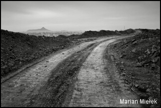 Jednak czarnych mulistych hałd jest chyba więcej i one też się pojawiły w tej prezentacji. Jednak ich charakter jest już inny. Nie są bajkowe są bardziej dramatyczne i rozlewają się wokół górniczych zakładów. Obłe kształty zainteresowały Mariana i pokazał je jako rodzaj kontrapunktu do tych barwnych. Ale istota obu rodzajów hałd jest taka sama – groźna dla człowieka. Jest jednak urokliwa dla fotografa biegnącego po grzbiecie jednej z nich. Każdy z nas fotografujących śląski krajobraz musiał przejść wiele kilometrów tak po hałdach jak i obok nich. Wszystkich nas fascynowały i wciągały w swoje przestrzenie.
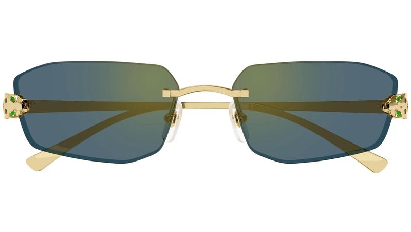 Oculos de sol Cartier modelo CT0474S armacao de metal geometrico dourada e lentes verdes com flash dourado
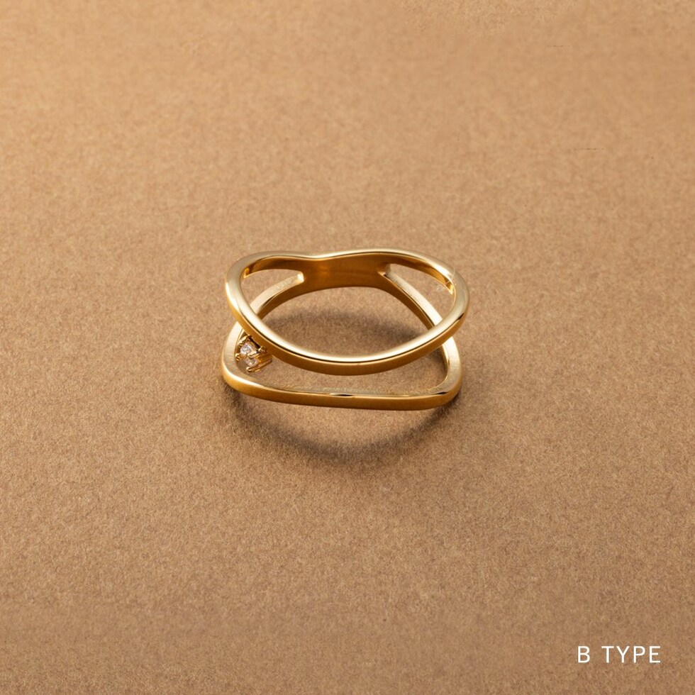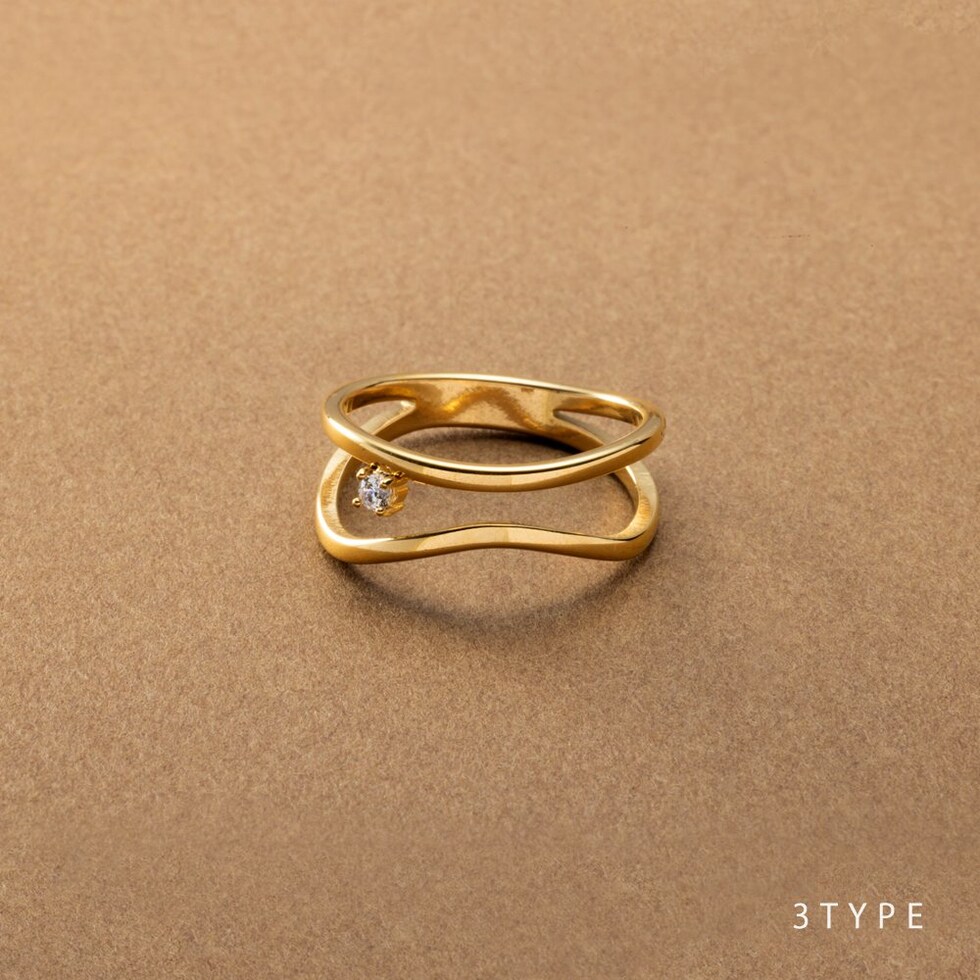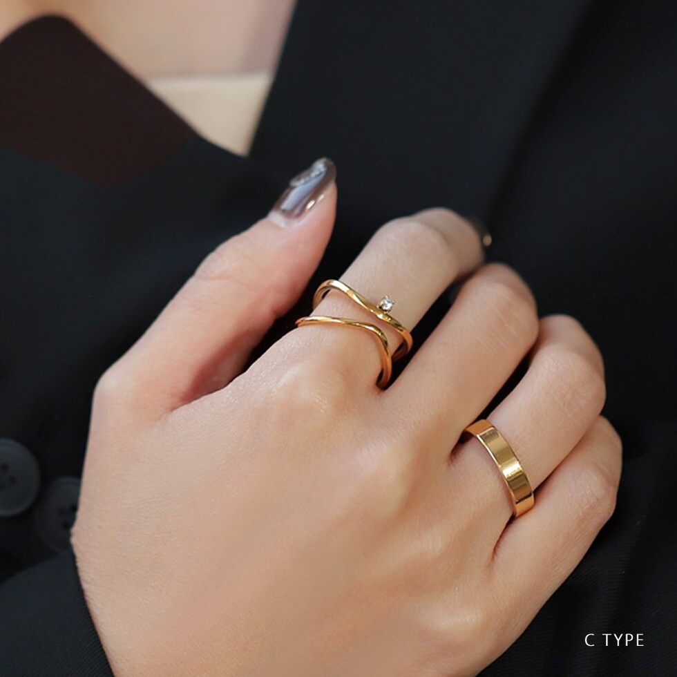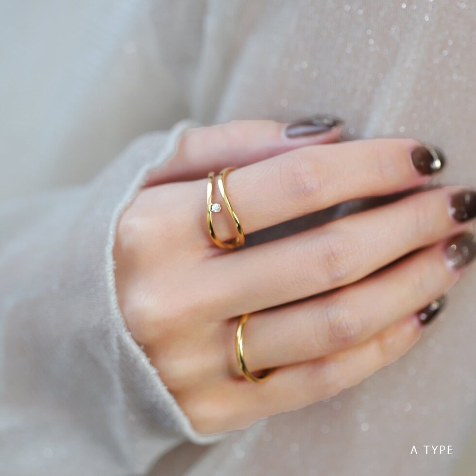 ひと粒のビジューを添えたダブルウェーブラインの3TYPEステンレス製リング。緩やかにカーブする2つのメタルラインを合わせた“オトナの定番”レイヤード風デザイン。3タイプからお好みのウェーブラインを選んで◎
----
### [EXERCISE OBJECTIVE]
The output is the data above, repeated exactly, with pictures omitted.

### [RESPONSE BOX]
 Jednak czarnych mulistych hałd jest chyba więcej i one też się pojawiły w tej prezentacji. Jednak ich charakter jest już inny. Nie są bajkowe są bardziej dramatyczne i rozlewają się wokół górniczych zakładów. Obłe kształty zainteresowały Mariana i pokazał je jako rodzaj kontrapunktu do tych barwnych. Ale istota obu rodzajów hałd jest taka sama – groźna dla człowieka. Jest jednak urokliwa dla fotografa biegnącego po grzbiecie jednej z nich. Każdy z nas fotografujących śląski krajobraz musiał przejść wiele kilometrów tak po hałdach jak i obok nich. Wszystkich nas fascynowały i wciągały w swoje przestrzenie.
 Oculos de sol Cartier modelo CT0474S armacao de metal geometrico dourada e lentes verdes com flash dourado
 ひと粒のビジューを添えたダブルウェーブラインの3TYPEステンレス製リング。緩やかにカーブする2つのメタルラインを合わせた“オトナの定番”レイヤード風デザイン。3タイプからお好みのウェーブラインを選んで◎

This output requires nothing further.